Among the tall towers and tourists crowding Chicago’s Magnificent Mile is an often overlooked population: homeless people with signs asking for change.
While many of the cardboard signs seem hastily scribbled, over the past months many of them have been revamped and replaced, a project from a Chicago art student who hoped that beautiful lettering would stand out amid the hustle and bustle of Michigan Avenue.
“My hope was that the Chicago project would create some awareness around the homeless,” said Ian Todd, the man behind the hand-lettered signs. “And also that people would be more inclined to talk when they walk by, and more willing to give.”
When Ian Todd moved to Chicago from a small town, the first thing that struck him was the amount of homeless people on the city’s streets. In an effort to help, he began redesigning their signs as an art project. June 30, 2015. (WGN TV)
Todd, 23, said Wednesday that he was struck by the vast number of Chicago’s homeless when he moved to the city from California to study at the Chicago Portfolio School, which focuses on advertising and design.
“It was a bit shocking seeing all the homelessness,” he said. “I was taking a class on expressive type, and after seeing someone hold a cardboard sign I thought a well-designed one could grab people’s attention.”
Todd first approached homeless people in April, asking whether they wanted new signs. Some refused, but others acquiesced and Todd got to work. He finished about 20 signs in two months and said that the complexity of the lettering meant one sign took anywhere from five to 10 hours to complete. He started a blog called “The Urban Type Experiment” documenting his experience making the signs, which quickly went viral.
The signs, all of which are photographed on his blog, tell varying stories of turmoil, from a single father struggling to support three children to a woman offering work so that she can afford a bus ticket home. Todd kept in touch with many of the sign recipients and said while some had success, not all of the signs brought an uptick in charity.
Mike Droney, 54, was holding one of Todd’s signs on Michigan Avenue on a recent sunny afternoon. The aging piece of cardboard read: “I lost my leg for my country. Please help, you will be blessed.”
Droney, who has been homeless for six years, said he lost his leg fighting in Somalia. He sits in front of a Starbucks coffee shop most days asking for money, and said the only real assistance he gets is medical care from the Department of Veterans Affairs.

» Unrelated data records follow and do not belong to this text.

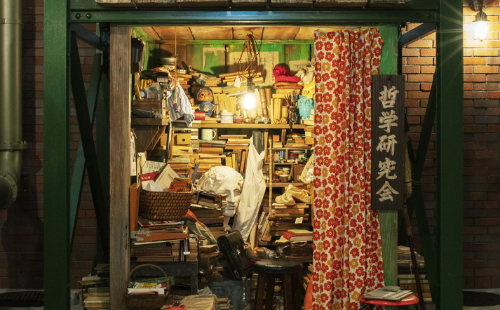 『コクリコ坂から』に登場する「カルチェラタン」の一角にある哲学研究会の部室。学生の熱量を感じさせるさまざまな書物や雑貨が所狭しと置かれています。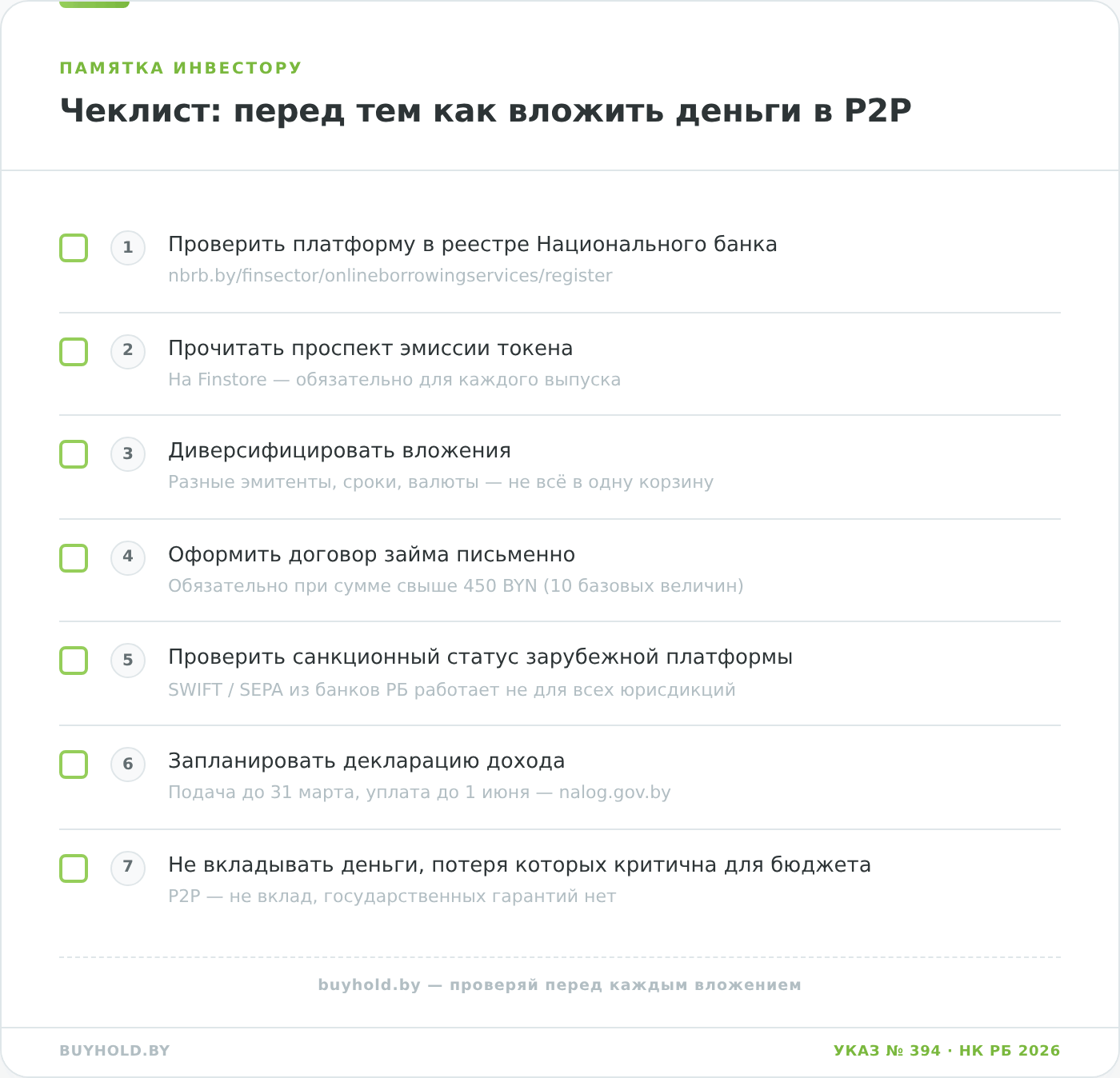 Что это значит для инвестора: перед тем как передавать кому-либо деньги через площадку, называющую себя «p2p-сервисом», обязательно проверьте её в реестре НБРБ (nbrb.by/finsector/onlineborrowingservices/register). Если оператора в реестре нет — это либо нелегальная деятельность, либо просто «объявления о займах», за которыми никто из регуляторов не стоит и куда возвращать деньги через суд будет заметно сложнее.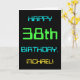 Este simples e divertido design de cartões de aniversário apresenta uma mensagem como "FELIZ 38 ANOS, MICHAEL!". Seu olhar é inspirado pelo campo da computação digital. O nome na frente e a mensagem no dentro podem ser personalizados. Ele poderia ser enviado ou dado a alguém que comemora seus trinta e oito anos de aniversário, e que talvez trabalhe (ou trabalhou antes da aposentadoria) como administrador de banco de dados, programador de computador, administrador de rede, desenvolvedor de software, engenheiro elétrico ou que de outra forma gosta de usar computadores. [~Z0000100]
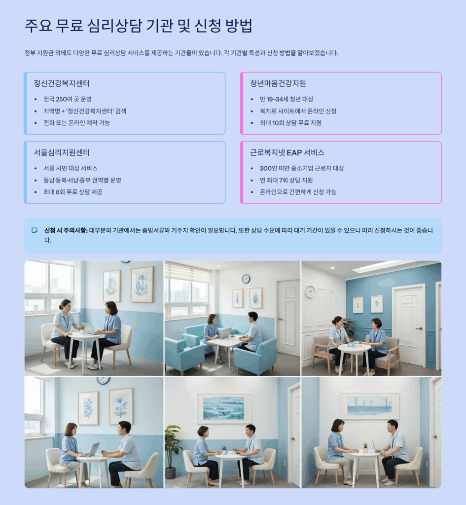 신청 시 주의사항도 있어요. 서류는 최근 1개월 이내 발급된 것이어야 하며, 스캔이나 사진 파일로 제출할 때는 선명하게 찍어야 해요. 개인정보는 필요한 부분만 공개하고 나머지는 마스킹 처리할 수 있답니다. 신청서 작성 시 상담받고 싶은 주요 문제와 희망 상담 형태(개인/집단)를 명확히 기재하는 것이 좋아요.

Droney said he often gets accolades about the sign, but it is hard to quantify whether the lettering is really doing much.
“People compliment me on it, you know, so it might help, in a way,” he said. “I can’t really say.”
Ulysses White, 54, also has one of Todd’s signs and said it has resulted in more charity. White said he served two tours in Iraq, and his sign makes mention of his service before saying: “Anything is appreciated. Thank you for your generosity.”
White got his customized piece of cardboard after being introduced to Todd by one of his homeless friends who already had a sign.
“The new sign has helped, most definitely, a whole lot,” White said. “He made signs for a whole bunch of people along Michigan Avenue.”
Todd’s project is not the first of its kind; in 2011 the Tribune profiled Christopher Devine, who was printing and laminating signs for the homeless. Devine’s signs were much simpler than Todd’s, printed on white paper in bold Helvetica font with text declaring “Homeless” or “Please Help.”
Devine, 32, said Thursday that he printed nearly 700 signs over the past four years of the project and just stopped distributing signs a few months ago. He said he has seen Todd’s artwork on the street and was happy to see another project aimed at increasing the visibility of the homeless population.
“They are far more elaborate and intricate than the plain Helvetica signs, they are eye-catching,” he said. “The important part of both projects is that the signs are different aesthetically than your typical homeless sign.”
While Devine’s project got mixed reactions, including some who said the signs denigrated the homeless, Devine said the project was successful in his eyes. He said a flood of donations came in following the story to help cover his laminating costs.
“There were a number of people who were against the concept of the project,” he said. “The point is, yesterday they weren’t talking about homelessness, and today they are.”
Ed Shurna, executive director of the Chicago Coalition for the Homeless, said that while the revamped signs may help some in the homeless community, Chicago’s homeless problem requires systematic action. He said the homeless population is the largest in recent memory, adding that 6,000 people fill the city’s shelters each night.
“It’s getting worse, is all I can say,” Shurna said. “You see more people on Lower Wacker, more people on the lakefront, it’s escalating.”
Shurna said that Gov. Bruce Rauner’s budget priorities would reduce care services for poor people and exacerbate the problem of homelessness throughout Illinois.
“If the cuts being proposed at the state level continue, you are going to see shelters closing,” Shurna said. “There is going to be a big increase in homelessness, and even now the shelters aren’t sufficient.”
Todd, who just graduated from the Chicago design school in May, moved to Los Angeles a few weeks ago to begin an advertising internship. He said he notified his homeless friends before he left that he would no longer be able to make signs for them. While he said his new job keeps him busier than when he was in school, he didn’t rule out making signs for California’s homeless.
“Homelessness is definitely here,” Todd said. “I wouldn’t mind getting something started.”